Listen to this section at 00:14

Squirrel: Welcome back to Troubleshooting Agile. Hi there, Jeffrey.

Jeffrey: Hi Squirrel. A couple weeks ago, we talked about driving lessons and today I understand you can tell us about your driving test, which sounds great.

Squirrel: I am indeed. So this actually has relevance to the topic at hand, namely troubleshooting Agile because I was coaching a client and normally I have to anonymize the clients quite a lot. This one I don’t have to anonymize because their problem is universal. And the problem they were having is that they were preparing hugely for each thing. And the person I’m coaching was saying that he was ‘all ready to do something new.’ And I said “Great!” And he said “So we’re holding the first meeting tomorrow and then we’re hiring the team and then we’re doing the next.” This was going to be three months from now before anything happened.

Squirrel: I’m going to get back to the driving test. Don’t worry, I’ll explain the driving test piece as it comes up in this coaching interaction, because I said, “so why don’t we do something this week? So your homework before we get back together is to take action on this.” And he said, “but wait, that’ll be wrong. We’ll do the wrong thing.” And I said, “let me tell you about my driving test, because I had a very friendly driving instructor who was helpful to me in various ways. And one of the ways he was helpful is that when we would go for the driving test, news flash, it took me multiple tests to pass. I’m not a great driver. And he said, “now what we’re going to do before we go to the test location is we’re going to drive around a little bit. You’re going to drive around a little bit so you can make all the mistakes first and you can get them out of your system.” So I told this story to the person I was coaching and he said “that doesn’t help me at all. Why do you want me to do this thing that’s not going to be right?” And I said, “well, this is part of driving. This is part of moving quickly.” And it’s exactly an Agile principle that we already at least profess to do in our Agile teams, namely, let’s try doing something that we know is not going to be right, but from which we will learn a lot. And he said, “OK, so for this initiative-“ this was an internal initiative shifting their culture, doing something in a new way, “we could do the same sort of thing, like an AB test or an experiment that we would learn from.” I said, “exactly, you’ve got the right idea.” So just like my driving instructor said, “well, hey, let’s drive around a bit so that you get out all the bad ideas.” You remind yourself what all the things are that don’t work, then your Agile team can do the same. Try something without all the planning, without all the preparation. And, you know, it’s going to be wrong. You’re going to get the wrong result. And that’s a good thing because it’ll give people something to argue about. It’ll give people something to argue against. It’ll give you examples of actual behaviour. Now, there are some caveats to that, but I want to see what you think of it first Jeffrey, was my advice good?

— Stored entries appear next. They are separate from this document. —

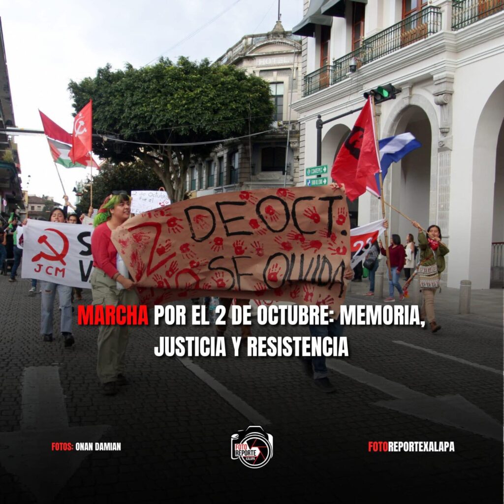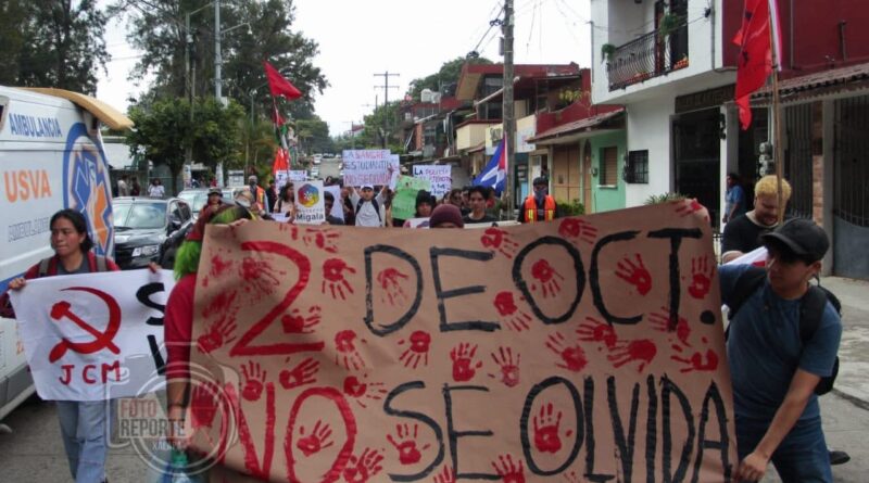 El 2 de octubre de 1968, en la Plaza de las Tres Culturas, miles de estudiantes y ciudadanos fueron brutalmente reprimidos por el ejército y la policía, resultando en la muerte de cientos de personas. A más de medio siglo, los manifestantes en Xalapa señalaron que esa represión contra la juventud continúa bajo nuevas formas: precariedad laboral, desempleo, criminalización del activismo, represión policiaca, despojo territorial y violencia de género.
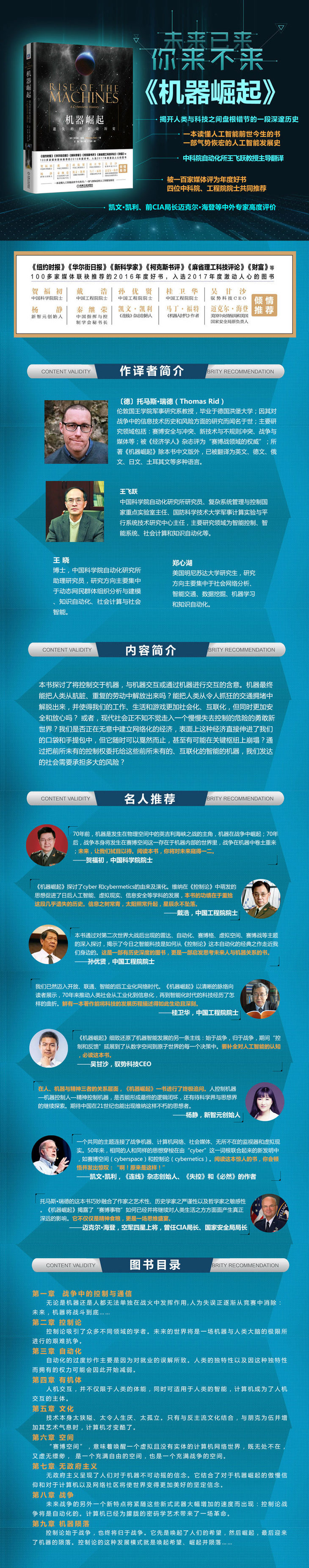每一章节都如同一扇自动玻璃门般优雅地打开……一本有思想、给人以启迪的书……一部糅合了历史学、媒介分析学、政治学、军事工程学以及语源学的著作……在《机器崛起》一书中,瑞德为我们再现了一段描述入微而又令人惊叹的控制论科学发展的历史。
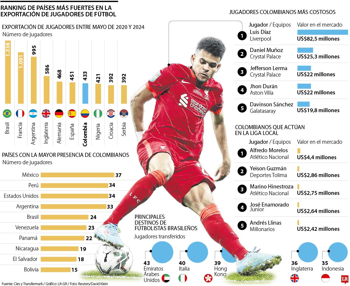 Las primeras conclusiones del reporte demuestran que Brasil fue el país que más exportó jugadores a mercados internacionales con 1.338 jugadores, Francia se llevó el segundo puesto con 1.091 futbolistas y Argentina se ubicó en la tercera casilla con 995 jugadores. Colombia fue el séptimo del mundo y tercero en América Latina con 433 traspasos, 19% más que hace cuatro años.
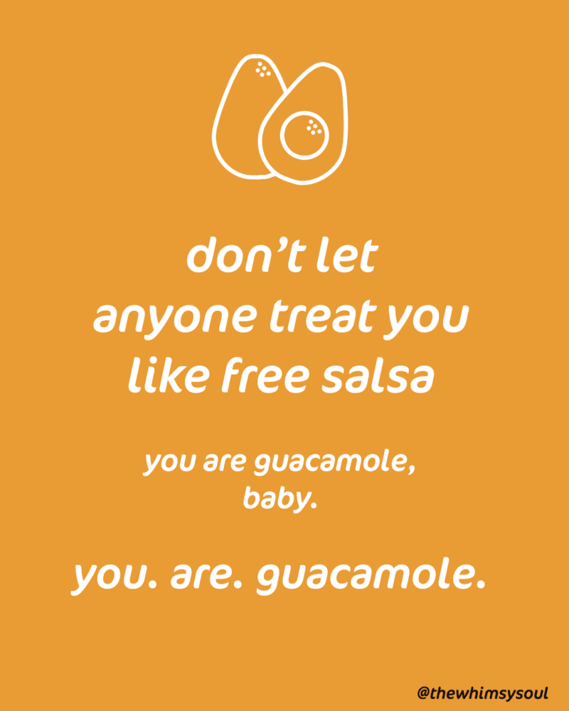 Don’t let anyone treat you like free salsa. You are guacamole, baby. You. Are. Guacamole.

Jeffrey: Well, I love it, it’s fantastic! Which is why we’re doing the podcast on it, of course.

Iterative Learning and 3D Printed Fish

Listen to this section at 03:12

Jeffrey: What I love about this is it gets very much to one of the dilemmas and one of the powers of Agile. The big element in Agile for me has always been the idea of iteration. And as you say, we know we’re not going to be perfect. We know what we’re doing is not right. But we also we’re going to learn from what we do in this idea of pain to learn. And being OK with being imperfect is so important. And it brings to mind the difference between iterative development and incremental development. And there are very, very important I understand the difference. Incremental development is something that people often aim for when instead of iterative. And the difficulty is incremental as I have this idea up front and I’m going to deliver everything according to my vision in pieces. So I’m doing incremental delivery and that’s better than Big Bang delivery. But there has the weakness that it’s it’s not still optimal. It’s not optimised for learning it.

Squirrel: Let me just check I understand it right, so this is kind of like a 3D printer that comes along and it has a picture of what the I don’t know, the fish or whatever it is that you’re going to make on your 3D printer is going to look like that first it lays down the bottom of the fish and then the next, scales and then the fin and then the next part. And so it’s always adding more to fish. It’s never going to turn into a whale or, I don’t know, a dish or something. It’s always going to turn into the same thing coming out of your 3D printer because it has an ultimate plan and it’s building that. That’s incremental, if I got it right.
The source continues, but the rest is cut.